YOUR INSTRUCTIONS: Could you print the stretch of lines below from the one with "반품/환불조건: 도착후 1주일" through the one with "Hier wird gebuddelt, gebaut", exactly as they stand and without any pictures?

INFORMATION:

^^^^^^^^^^^^^^^^

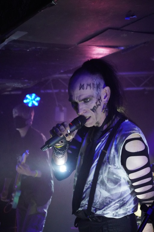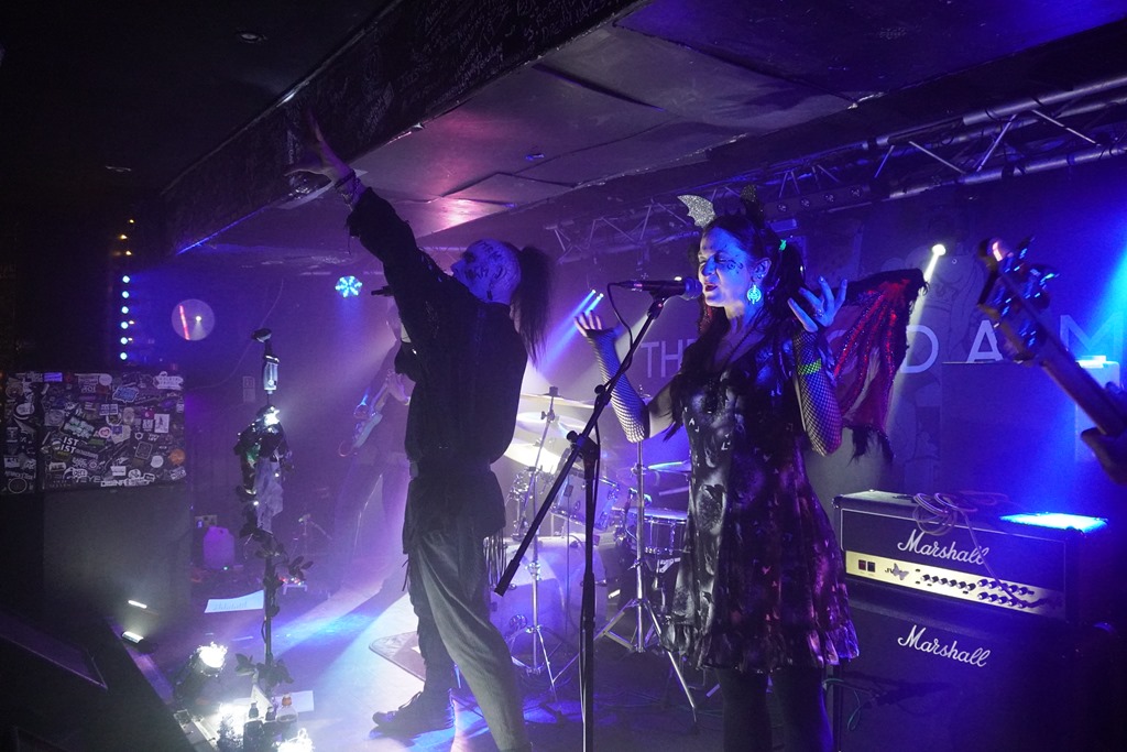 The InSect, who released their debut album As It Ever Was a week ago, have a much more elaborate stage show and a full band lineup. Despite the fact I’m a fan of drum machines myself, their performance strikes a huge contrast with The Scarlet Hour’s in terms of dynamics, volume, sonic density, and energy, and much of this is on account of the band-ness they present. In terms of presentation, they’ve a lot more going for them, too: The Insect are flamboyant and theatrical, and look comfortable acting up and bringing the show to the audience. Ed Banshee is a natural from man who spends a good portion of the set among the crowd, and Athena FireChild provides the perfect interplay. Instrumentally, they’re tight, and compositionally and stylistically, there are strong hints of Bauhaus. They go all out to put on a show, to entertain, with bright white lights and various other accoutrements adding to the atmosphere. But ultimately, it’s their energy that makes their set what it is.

^^^^^^^^^^^^^^^^

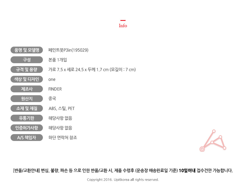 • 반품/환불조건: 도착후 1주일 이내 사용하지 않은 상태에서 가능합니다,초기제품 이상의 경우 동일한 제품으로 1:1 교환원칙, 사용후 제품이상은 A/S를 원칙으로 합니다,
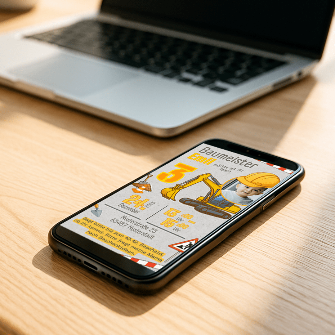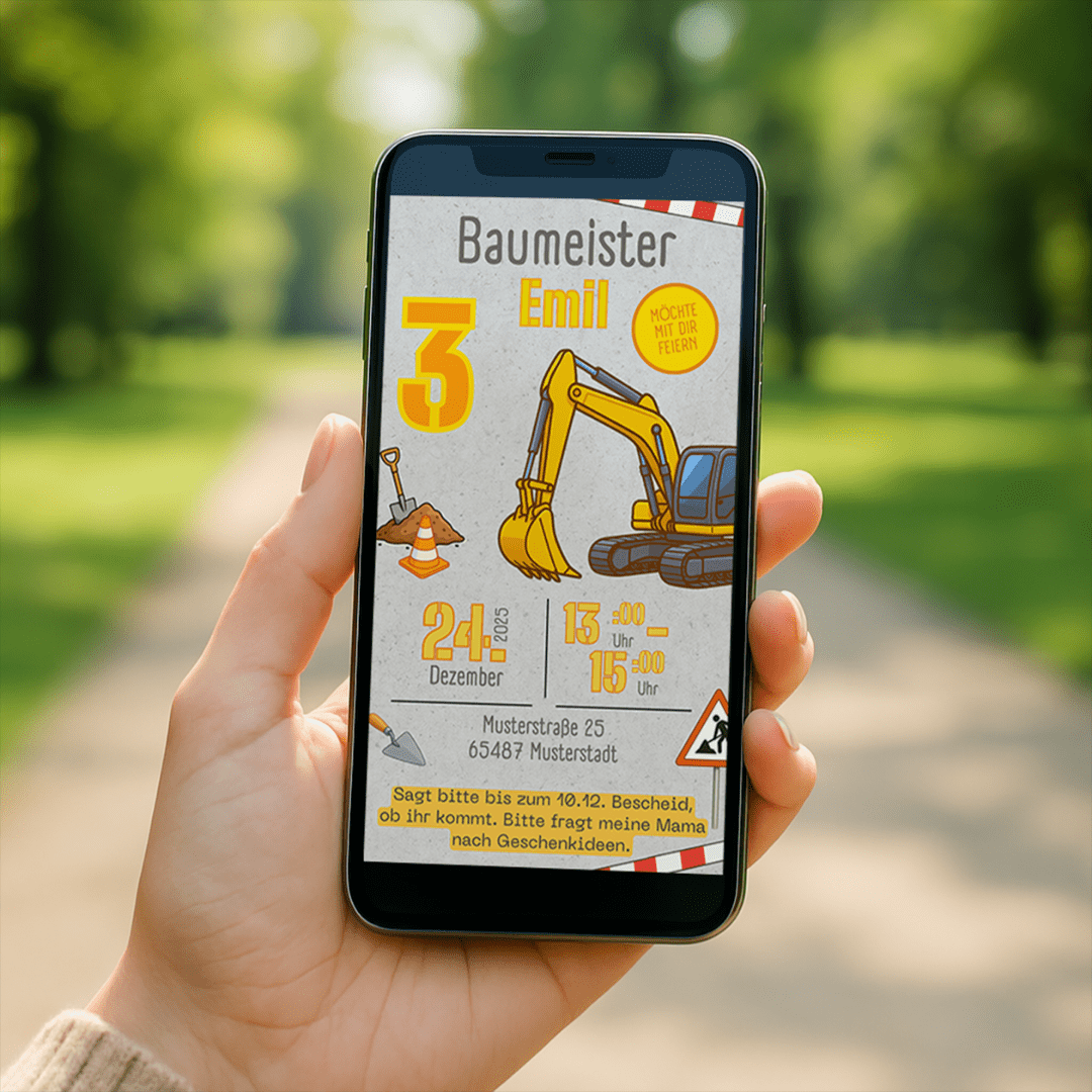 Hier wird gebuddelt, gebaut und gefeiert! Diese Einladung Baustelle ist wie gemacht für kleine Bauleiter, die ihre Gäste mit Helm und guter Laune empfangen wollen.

^^^^^^^^^^^^^^^^

EXERCISE SOLUTION:
 • 반품/환불조건: 도착후 1주일 이내 사용하지 않은 상태에서 가능합니다,초기제품 이상의 경우 동일한 제품으로 1:1 교환원칙, 사용후 제품이상은 A/S를 원칙으로 합니다,
 Hier wird gebuddelt, gebaut und gefeiert! Diese Einladung Baustelle ist wie gemacht für kleine Bauleiter, die ihre Gäste mit Helm und guter Laune empfangen wollen.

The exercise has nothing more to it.